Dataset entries
BEGIN
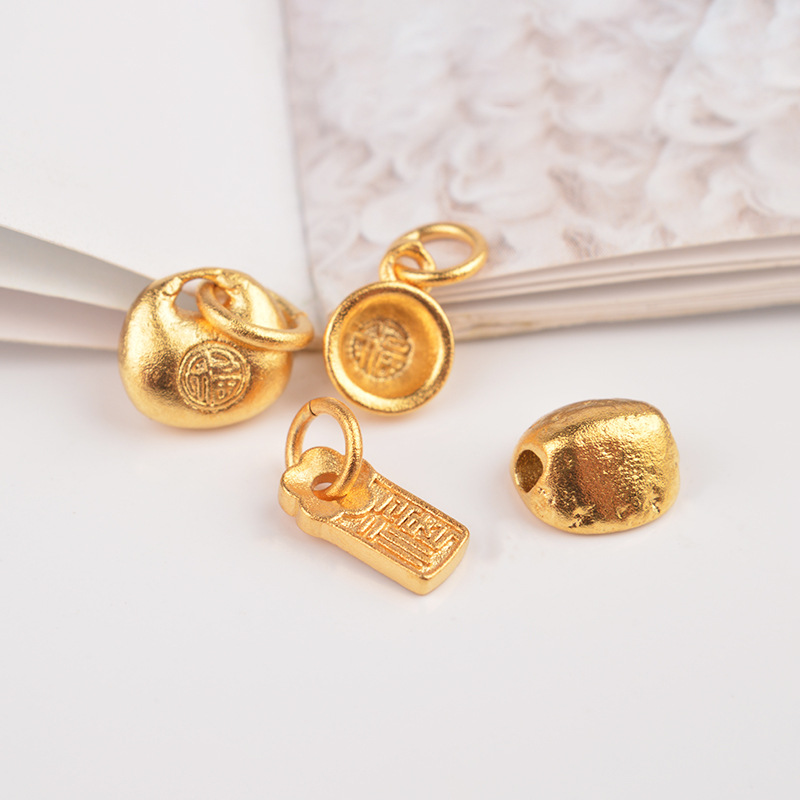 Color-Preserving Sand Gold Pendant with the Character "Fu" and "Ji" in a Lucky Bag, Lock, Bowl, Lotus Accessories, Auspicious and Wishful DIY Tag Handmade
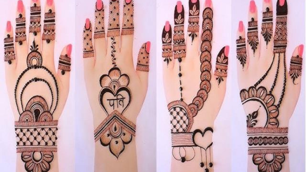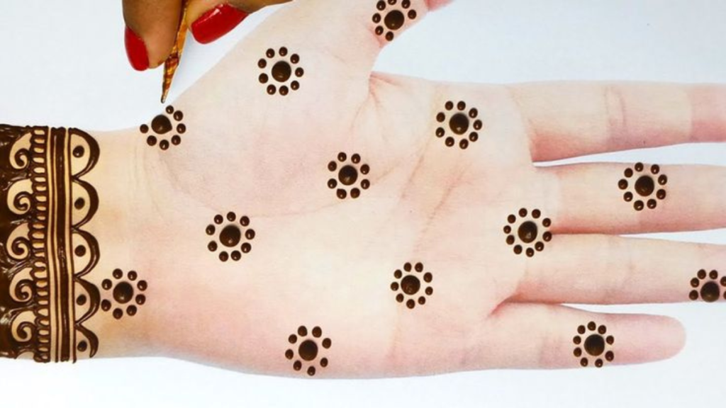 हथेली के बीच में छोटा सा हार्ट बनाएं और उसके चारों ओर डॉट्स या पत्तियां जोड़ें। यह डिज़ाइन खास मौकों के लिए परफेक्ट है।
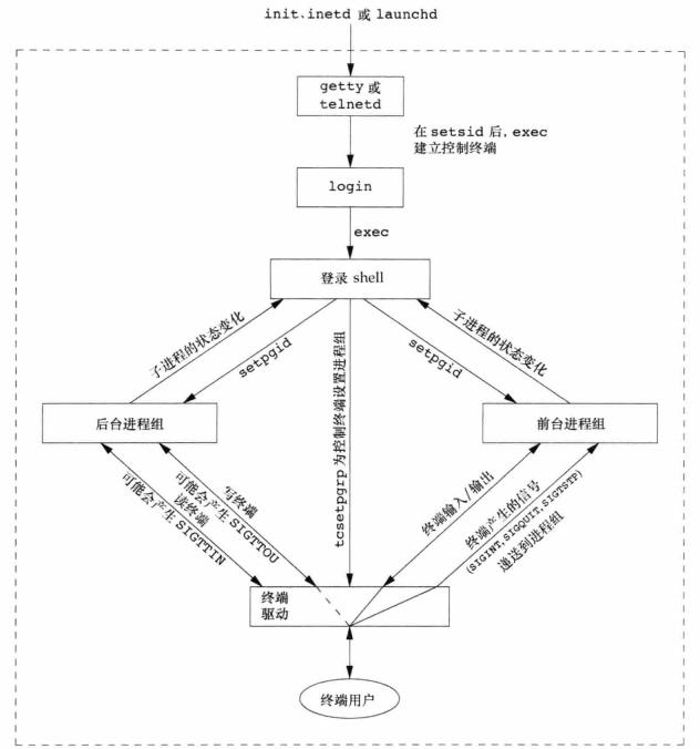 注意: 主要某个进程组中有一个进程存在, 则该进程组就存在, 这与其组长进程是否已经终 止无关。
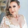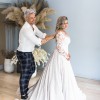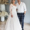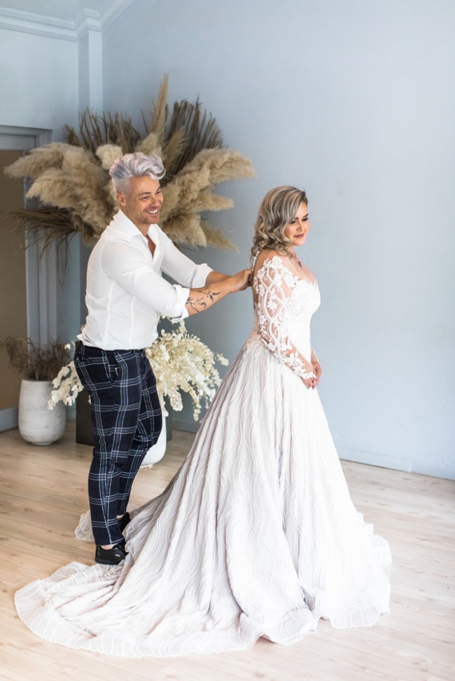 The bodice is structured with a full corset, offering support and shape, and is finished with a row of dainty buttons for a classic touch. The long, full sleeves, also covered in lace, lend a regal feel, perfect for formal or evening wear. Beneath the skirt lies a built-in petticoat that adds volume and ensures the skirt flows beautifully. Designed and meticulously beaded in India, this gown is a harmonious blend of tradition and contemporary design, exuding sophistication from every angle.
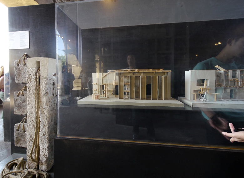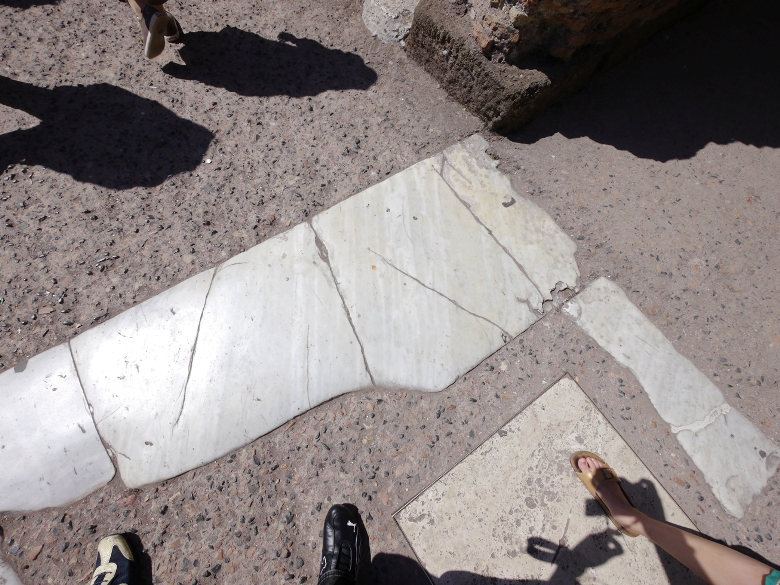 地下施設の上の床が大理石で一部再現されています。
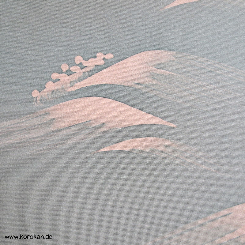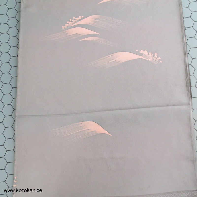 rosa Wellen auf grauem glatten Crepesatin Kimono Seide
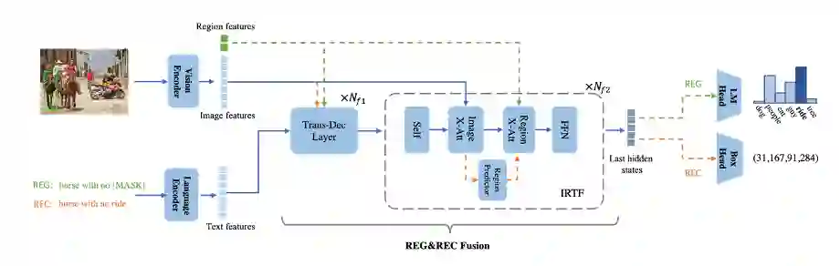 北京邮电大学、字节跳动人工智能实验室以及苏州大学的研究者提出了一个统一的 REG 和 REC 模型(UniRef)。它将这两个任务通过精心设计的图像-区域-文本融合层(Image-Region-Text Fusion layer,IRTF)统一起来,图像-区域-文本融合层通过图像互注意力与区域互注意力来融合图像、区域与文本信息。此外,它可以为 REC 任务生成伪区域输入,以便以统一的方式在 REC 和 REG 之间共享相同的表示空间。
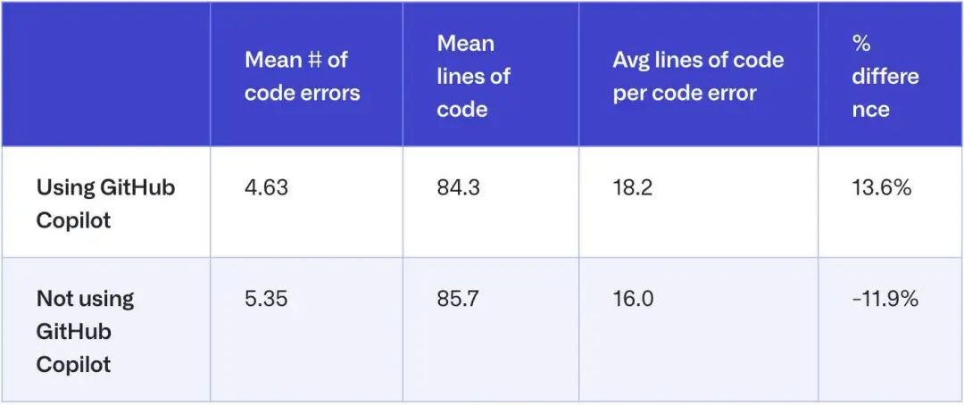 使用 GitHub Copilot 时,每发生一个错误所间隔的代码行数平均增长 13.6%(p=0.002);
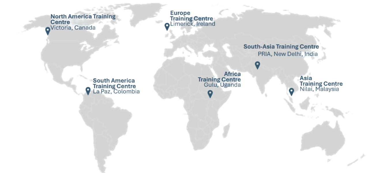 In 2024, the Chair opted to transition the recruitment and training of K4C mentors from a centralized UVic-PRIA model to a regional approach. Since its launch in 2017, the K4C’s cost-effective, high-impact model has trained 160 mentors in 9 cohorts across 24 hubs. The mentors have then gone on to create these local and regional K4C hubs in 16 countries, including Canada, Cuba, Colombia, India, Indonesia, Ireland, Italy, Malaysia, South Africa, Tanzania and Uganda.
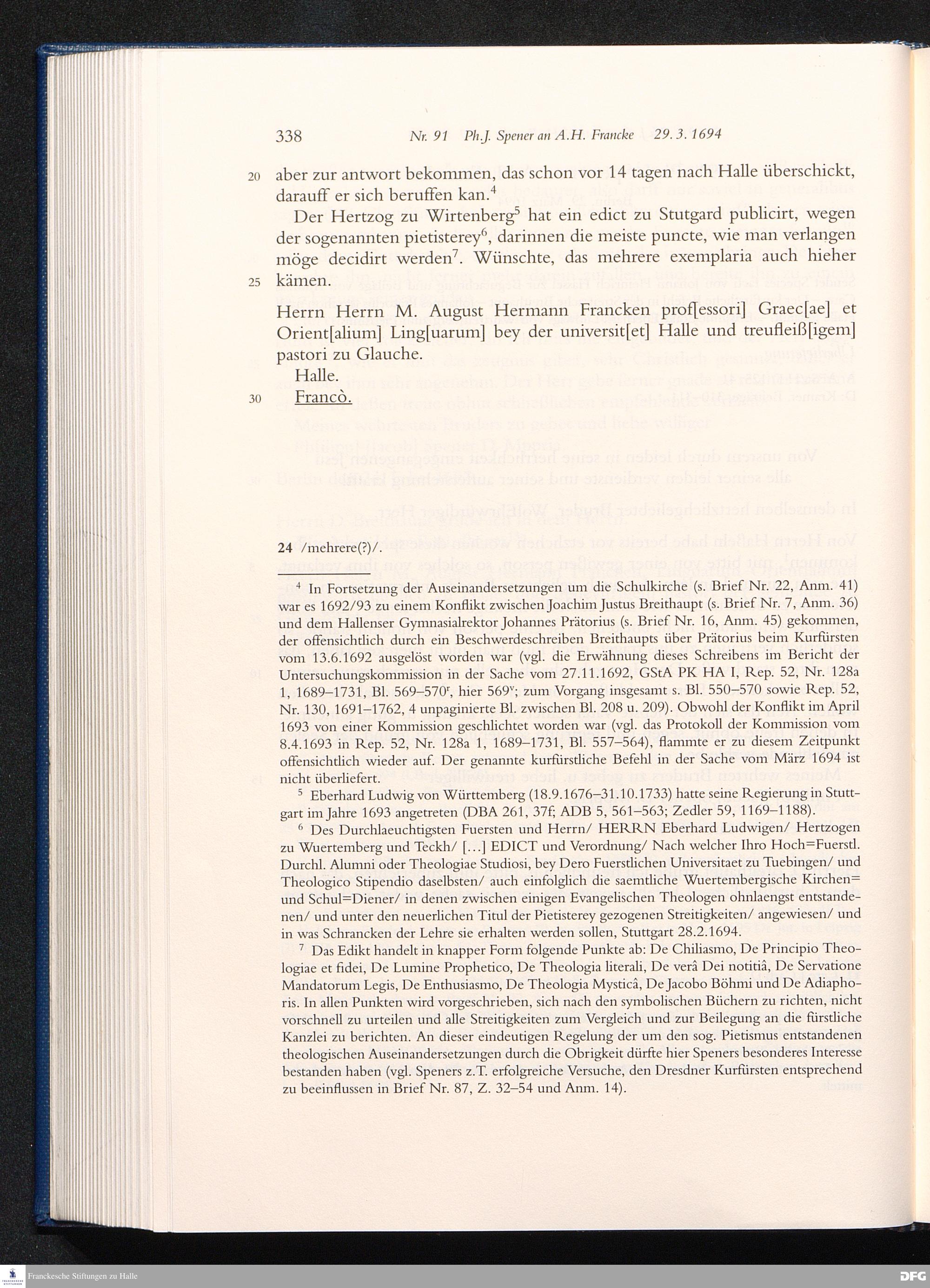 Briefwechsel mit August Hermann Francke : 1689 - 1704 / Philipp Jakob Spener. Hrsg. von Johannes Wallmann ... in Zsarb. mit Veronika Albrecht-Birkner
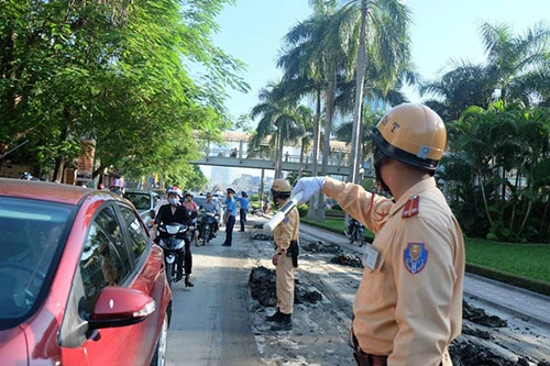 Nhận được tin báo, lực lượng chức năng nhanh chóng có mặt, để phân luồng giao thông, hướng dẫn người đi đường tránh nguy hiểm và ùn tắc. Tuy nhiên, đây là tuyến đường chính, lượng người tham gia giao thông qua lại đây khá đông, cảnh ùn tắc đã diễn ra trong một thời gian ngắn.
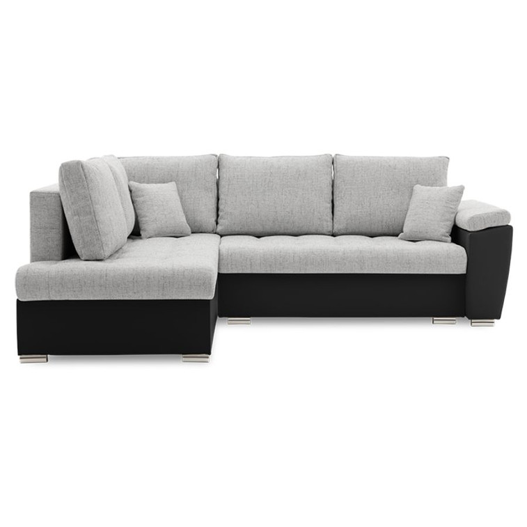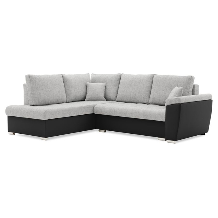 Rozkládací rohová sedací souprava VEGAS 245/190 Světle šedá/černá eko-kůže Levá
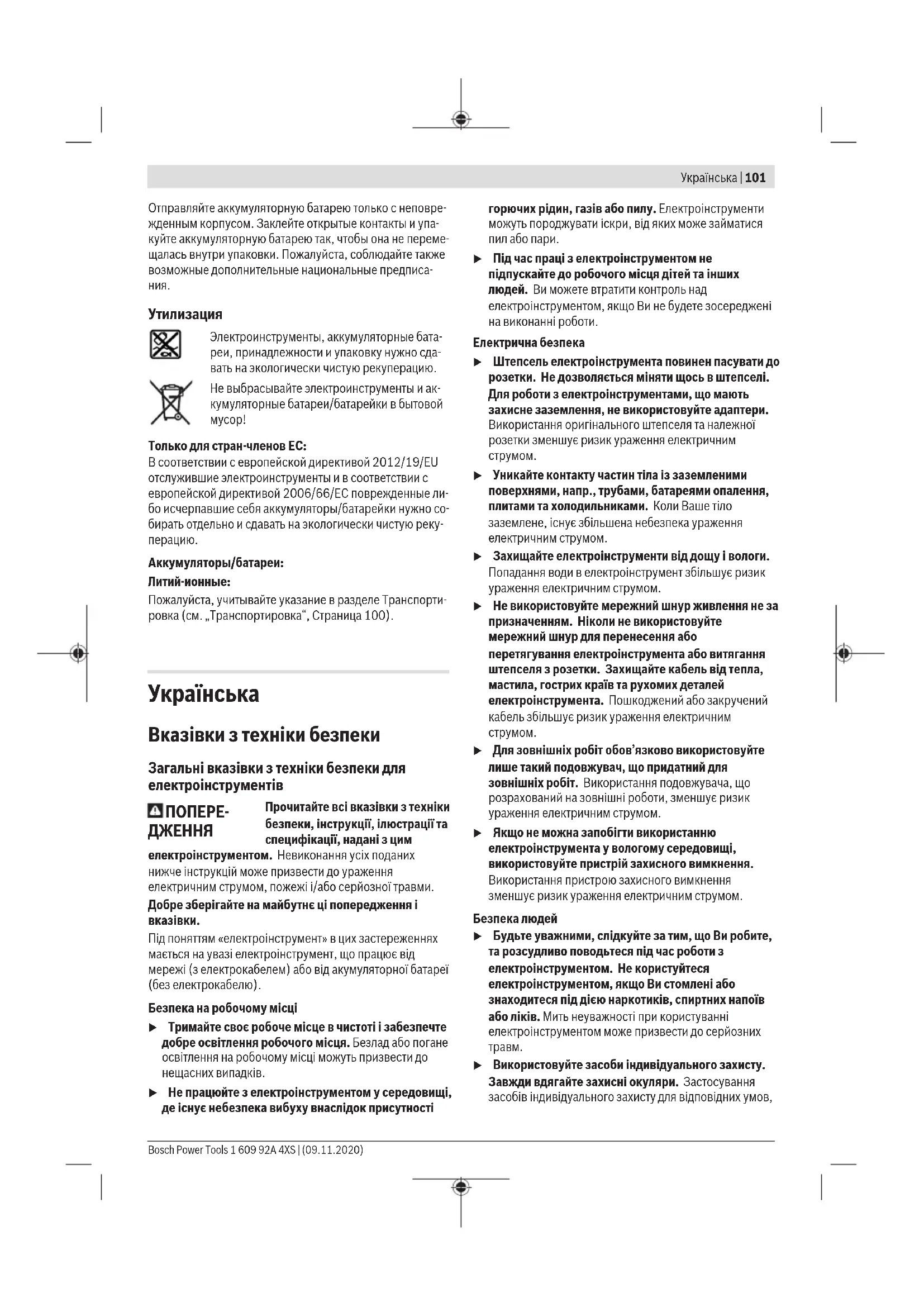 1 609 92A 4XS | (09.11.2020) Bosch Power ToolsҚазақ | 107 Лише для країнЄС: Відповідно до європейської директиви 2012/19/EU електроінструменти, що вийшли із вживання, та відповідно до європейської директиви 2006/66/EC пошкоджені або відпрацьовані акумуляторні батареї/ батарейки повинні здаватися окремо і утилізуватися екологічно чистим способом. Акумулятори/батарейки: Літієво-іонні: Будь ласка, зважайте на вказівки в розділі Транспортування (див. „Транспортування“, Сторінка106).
END
§ **PROBLEM TO SOLVE**:
Reproduce, without alteration and without pictures, only those lines that lie between the first line of the entries above and the line containing "使用 GitHub Copilot", both of them included.

§ **YOUR RESPONSE**:
 Color-Preserving Sand Gold Pendant with the Character "Fu" and "Ji" in a Lucky Bag, Lock, Bowl, Lotus Accessories, Auspicious and Wishful DIY Tag Handmade
 हथेली के बीच में छोटा सा हार्ट बनाएं और उसके चारों ओर डॉट्स या पत्तियां जोड़ें। यह डिज़ाइन खास मौकों के लिए परफेक्ट है।
 注意: 主要某个进程组中有一个进程存在, 则该进程组就存在, 这与其组长进程是否已经终 止无关。
 The bodice is structured with a full corset, offering support and shape, and is finished with a row of dainty buttons for a classic touch. The long, full sleeves, also covered in lace, lend a regal feel, perfect for formal or evening wear. Beneath the skirt lies a built-in petticoat that adds volume and ensures the skirt flows beautifully. Designed and meticulously beaded in India, this gown is a harmonious blend of tradition and contemporary design, exuding sophistication from every angle.
 地下施設の上の床が大理石で一部再現されています。
 rosa Wellen auf grauem glatten Crepesatin Kimono Seide
 北京邮电大学、字节跳动人工智能实验室以及苏州大学的研究者提出了一个统一的 REG 和 REC 模型(UniRef)。它将这两个任务通过精心设计的图像-区域-文本融合层(Image-Region-Text Fusion layer,IRTF)统一起来,图像-区域-文本融合层通过图像互注意力与区域互注意力来融合图像、区域与文本信息。此外,它可以为 REC 任务生成伪区域输入,以便以统一的方式在 REC 和 REG 之间共享相同的表示空间。
 使用 GitHub Copilot 时,每发生一个错误所间隔的代码行数平均增长 13.6%(p=0.002);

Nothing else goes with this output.